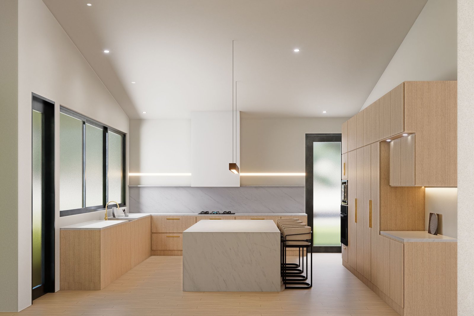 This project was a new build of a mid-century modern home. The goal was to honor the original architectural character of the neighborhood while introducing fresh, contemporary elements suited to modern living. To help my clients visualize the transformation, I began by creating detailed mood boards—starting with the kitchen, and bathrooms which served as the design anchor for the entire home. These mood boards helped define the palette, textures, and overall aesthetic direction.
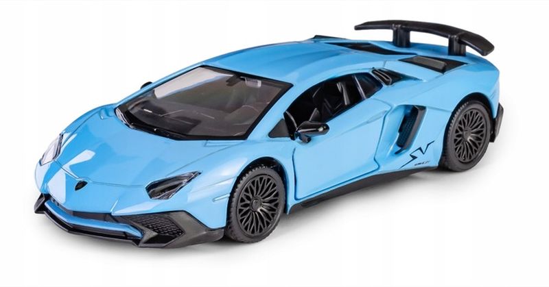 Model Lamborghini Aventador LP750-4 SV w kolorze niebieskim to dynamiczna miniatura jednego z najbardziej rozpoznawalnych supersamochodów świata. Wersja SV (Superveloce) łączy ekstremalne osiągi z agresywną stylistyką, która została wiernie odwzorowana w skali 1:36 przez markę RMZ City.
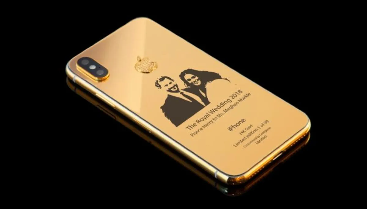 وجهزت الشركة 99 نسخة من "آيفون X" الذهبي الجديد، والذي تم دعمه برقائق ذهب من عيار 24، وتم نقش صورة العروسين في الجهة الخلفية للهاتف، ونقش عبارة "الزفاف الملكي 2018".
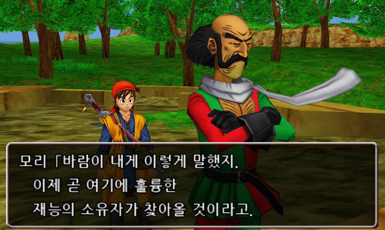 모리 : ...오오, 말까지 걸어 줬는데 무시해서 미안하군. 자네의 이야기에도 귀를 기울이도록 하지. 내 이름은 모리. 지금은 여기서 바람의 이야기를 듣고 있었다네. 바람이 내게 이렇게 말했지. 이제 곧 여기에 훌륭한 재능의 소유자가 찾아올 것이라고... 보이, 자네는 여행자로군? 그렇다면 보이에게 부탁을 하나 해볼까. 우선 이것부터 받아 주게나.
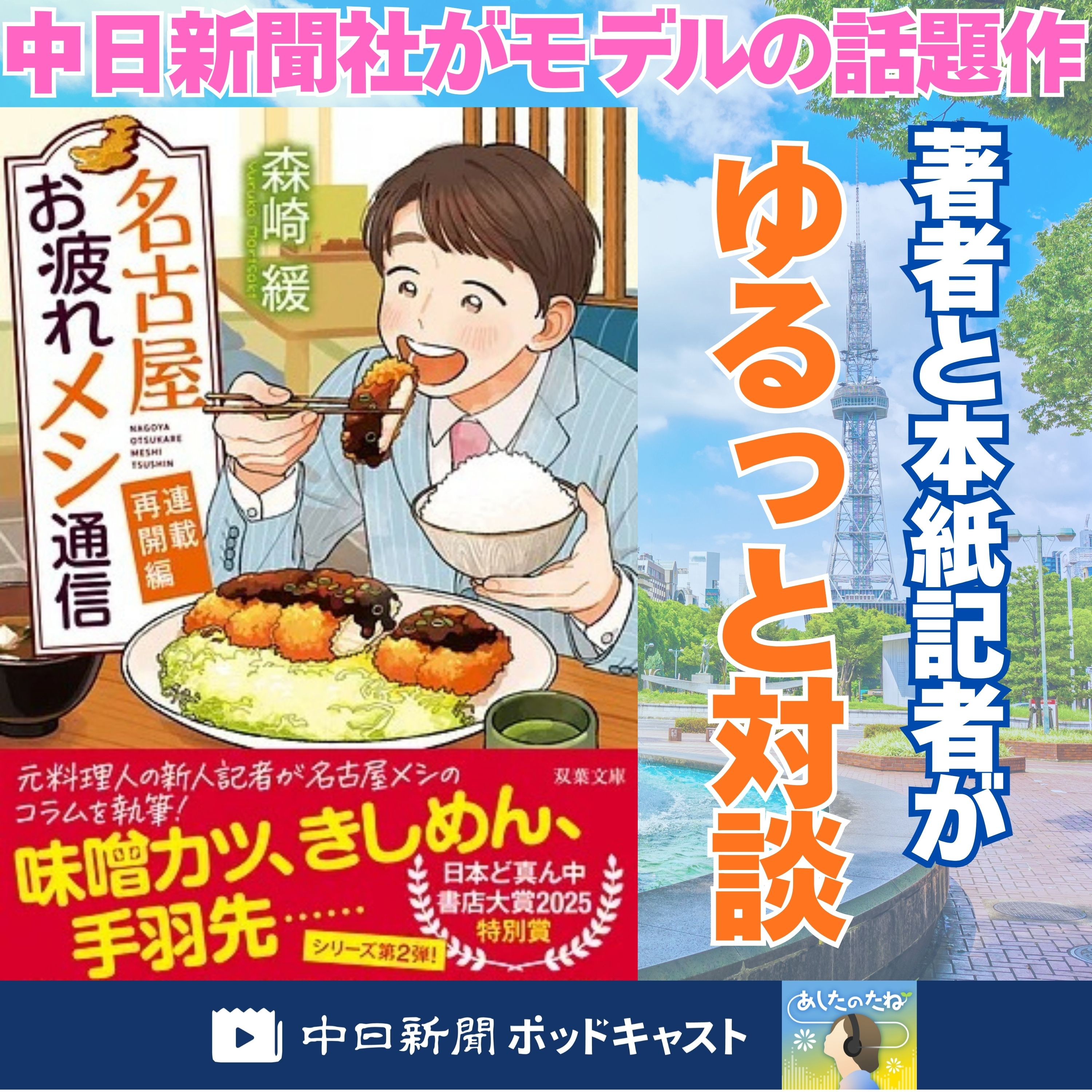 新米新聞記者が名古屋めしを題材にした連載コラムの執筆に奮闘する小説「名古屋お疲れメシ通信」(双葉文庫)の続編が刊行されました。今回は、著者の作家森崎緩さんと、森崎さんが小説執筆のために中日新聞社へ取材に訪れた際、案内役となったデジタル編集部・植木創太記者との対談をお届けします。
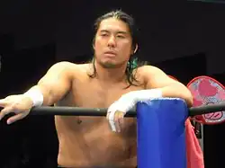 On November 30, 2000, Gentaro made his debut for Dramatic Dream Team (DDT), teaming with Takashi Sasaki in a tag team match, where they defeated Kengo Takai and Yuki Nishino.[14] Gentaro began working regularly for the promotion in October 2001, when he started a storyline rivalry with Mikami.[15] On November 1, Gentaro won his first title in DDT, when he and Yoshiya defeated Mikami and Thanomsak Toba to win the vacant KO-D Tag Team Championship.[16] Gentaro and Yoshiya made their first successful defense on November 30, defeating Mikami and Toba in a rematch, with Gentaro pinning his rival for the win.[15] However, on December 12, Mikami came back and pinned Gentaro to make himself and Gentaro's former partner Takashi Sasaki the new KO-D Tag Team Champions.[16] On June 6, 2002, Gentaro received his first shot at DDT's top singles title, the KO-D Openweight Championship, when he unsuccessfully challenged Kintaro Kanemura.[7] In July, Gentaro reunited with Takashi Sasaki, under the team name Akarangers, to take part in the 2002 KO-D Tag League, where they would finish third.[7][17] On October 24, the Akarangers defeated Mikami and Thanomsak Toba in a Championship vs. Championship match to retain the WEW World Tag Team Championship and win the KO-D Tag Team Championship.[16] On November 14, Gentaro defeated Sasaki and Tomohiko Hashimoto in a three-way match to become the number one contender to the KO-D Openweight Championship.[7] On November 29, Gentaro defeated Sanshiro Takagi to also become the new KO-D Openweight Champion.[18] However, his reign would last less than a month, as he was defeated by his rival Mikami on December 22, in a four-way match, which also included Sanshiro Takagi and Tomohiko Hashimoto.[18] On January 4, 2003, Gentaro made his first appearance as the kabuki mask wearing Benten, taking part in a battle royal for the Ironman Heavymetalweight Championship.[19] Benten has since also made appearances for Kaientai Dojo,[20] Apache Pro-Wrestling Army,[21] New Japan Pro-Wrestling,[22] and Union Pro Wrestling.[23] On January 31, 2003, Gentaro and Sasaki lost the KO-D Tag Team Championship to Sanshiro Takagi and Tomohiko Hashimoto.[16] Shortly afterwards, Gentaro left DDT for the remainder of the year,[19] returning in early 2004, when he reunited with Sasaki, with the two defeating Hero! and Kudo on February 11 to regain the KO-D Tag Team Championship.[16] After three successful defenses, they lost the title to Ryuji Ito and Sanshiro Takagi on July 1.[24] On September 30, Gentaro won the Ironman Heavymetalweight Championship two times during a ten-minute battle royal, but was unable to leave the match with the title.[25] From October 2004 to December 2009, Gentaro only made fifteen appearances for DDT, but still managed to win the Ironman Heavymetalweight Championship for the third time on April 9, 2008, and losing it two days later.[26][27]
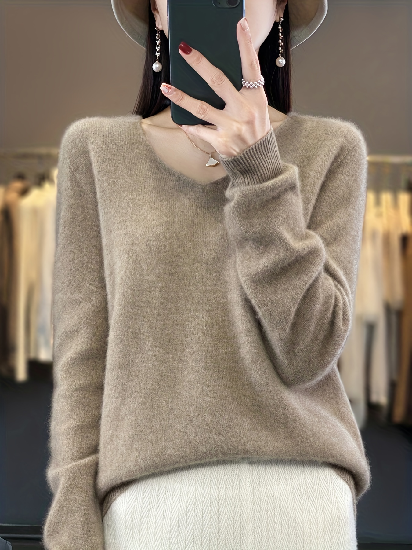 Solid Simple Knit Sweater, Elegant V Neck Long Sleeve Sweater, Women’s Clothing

---

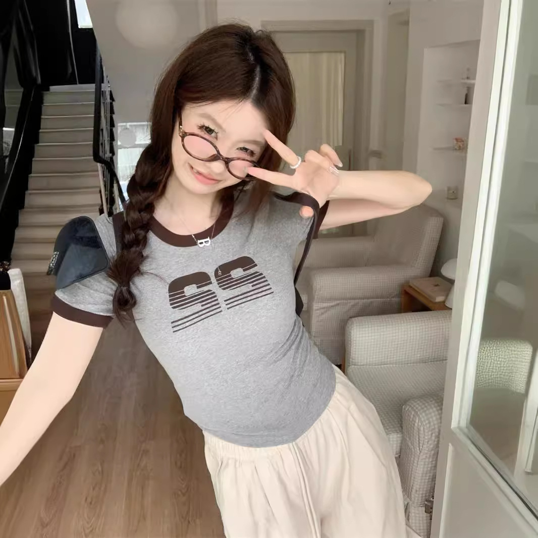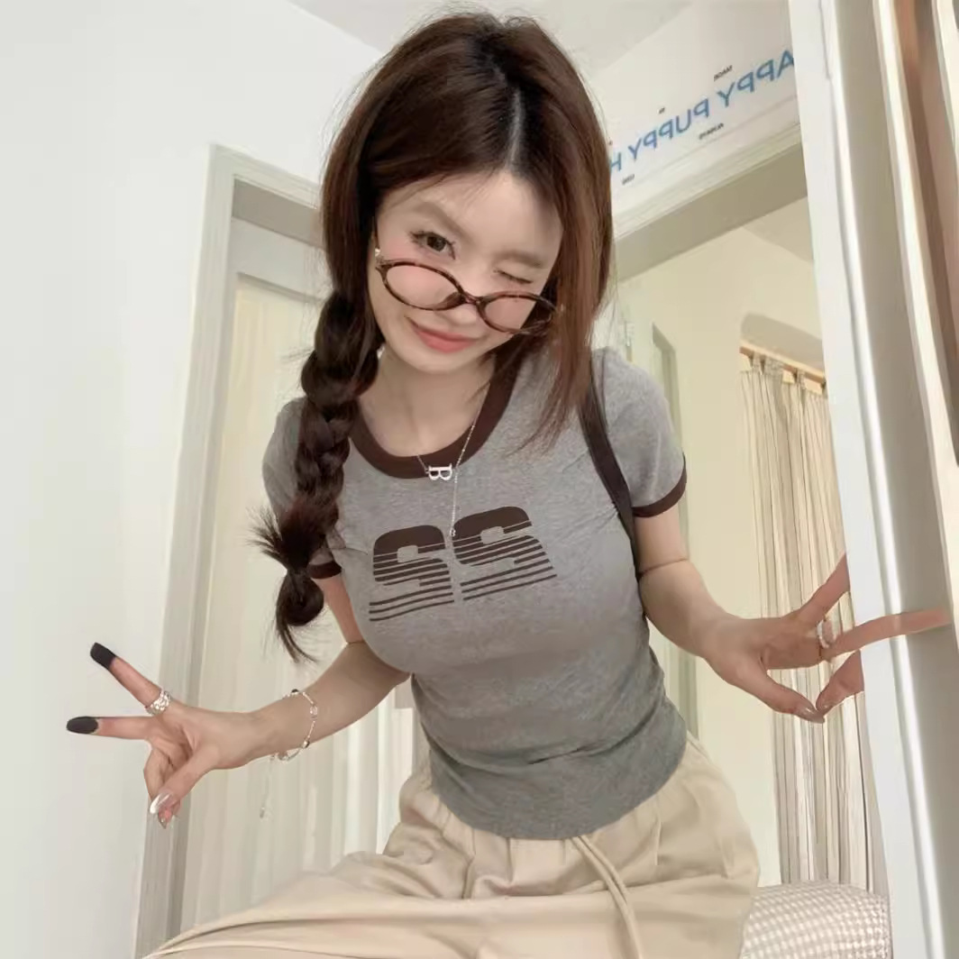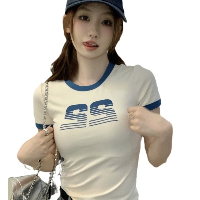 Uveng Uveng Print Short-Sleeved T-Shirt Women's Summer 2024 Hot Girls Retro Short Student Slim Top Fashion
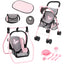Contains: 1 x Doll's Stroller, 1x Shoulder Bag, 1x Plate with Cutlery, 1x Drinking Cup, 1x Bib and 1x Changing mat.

What you should do:
Which part of the entries opens with the line containing "모리 : ...오오, 말까지" and closes with the line containing "新米新聞記者が名古屋めしを題"? Output that part exactly, ends included, pictures excluded.

Answer:
 모리 : ...오오, 말까지 걸어 줬는데 무시해서 미안하군. 자네의 이야기에도 귀를 기울이도록 하지. 내 이름은 모리. 지금은 여기서 바람의 이야기를 듣고 있었다네. 바람이 내게 이렇게 말했지. 이제 곧 여기에 훌륭한 재능의 소유자가 찾아올 것이라고... 보이, 자네는 여행자로군? 그렇다면 보이에게 부탁을 하나 해볼까. 우선 이것부터 받아 주게나.
 新米新聞記者が名古屋めしを題材にした連載コラムの執筆に奮闘する小説「名古屋お疲れメシ通信」(双葉文庫)の続編が刊行されました。今回は、著者の作家森崎緩さんと、森崎さんが小説執筆のために中日新聞社へ取材に訪れた際、案内役となったデジタル編集部・植木創太記者との対談をお届けします。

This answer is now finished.